Explain the why. Today's LLMs respond better to reasoning than to rigid ALWAYS/NEVER rules. Explain why each instruction matters so the model can generalize to edge cases.
Examples over abstractions. Include concrete input/output examples. They're worth more than paragraphs of description.
Look for repeated patterns. If test runs independently produce similar helper scripts, bundle that script into the skill. Write it once in scripts/ and reference it.
Iteration philosophy
When improving a skill after user feedback:
- Generalize from the specific feedback. The skill will be used across many prompts, not just the test cases. Don't overfit.
- Keep it lean. Remove instructions that aren't pulling their weight. Read the test transcripts — if the skill is making the model waste time, cut those parts.
- Explain the why. If you find yourself writing ALL-CAPS MUST/NEVER, reframe as reasoning the model can internalize.
- Draft, then revise. Write the improvement, then read it fresh and tighten it.
Workspace layout
Test results and artifacts are organized in <skill-name>-workspace/ alongside the skill:
<skill-name>-workspace/
evals/
evals.json # Test prompts and assertions
iteration-1/
eval-0-<descriptive-name>/
with_skill/
outputs/ # Files produced with the skill
grading.json # Assertion pass/fail results
timing.json # Tokens and duration
without_skill/
outputs/ # Baseline outputs
grading.json
timing.json
eval_metadata.json # Prompt, assertions for this eval
benchmark.json # Aggregated metrics
benchmark.md # Human-readable summary
feedback.json # User feedback from the viewer
iteration-2/
...
Quick start for improving an existing skill
If the user has an existing skill they want to improve, pass it via the existing_skill_path input:
cpf run -f workflows/skill-creator.yaml --input '{
"skill_name": "my-skill",
"intent": "Improve test coverage and fix edge case handling",
"existing_skill_path": ".claude/skills/my-skill"
}'
The workflow will snapshot the existing skill for baseline comparison, then iterate.
Tips
- The workflow handles orchestration; each agent step does the actual work (reading code, writing files, running tools).
- Always use
generate_review.py from the reference path — never write custom HTML for the viewer.

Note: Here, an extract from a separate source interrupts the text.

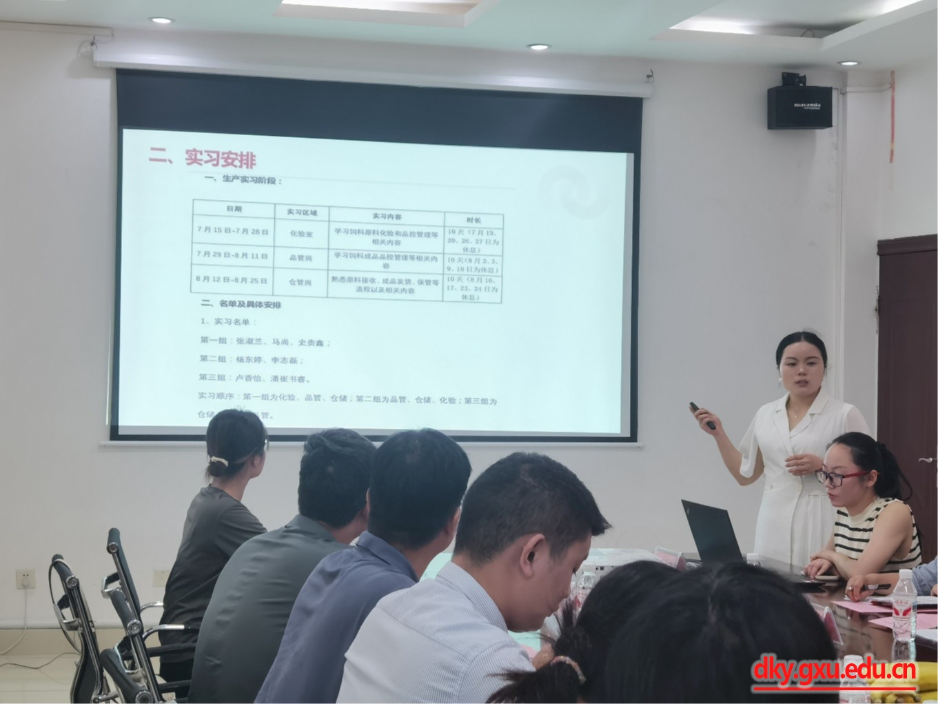 7月25日,为检查实践育人成效,督促强化实习安全,威廉希尔WilliamHill动物科学技术公司党委书记韦小强带队先后到大北农集团广西区武鸣饲料厂、瑞鹏宠物医院南宁安吉分院看望正在开展生产实习的员工。

- For headless environments, pass
--static <output.html> to generate_review.py.
- The
--previous-workspace flag on generate_review.py enables iteration-over-iteration comparison.
- If subagents aren't available, run test cases inline (less rigorous but still useful with human review).
- Description optimization requires the
claude CLI (claude -p). Skip it if not available.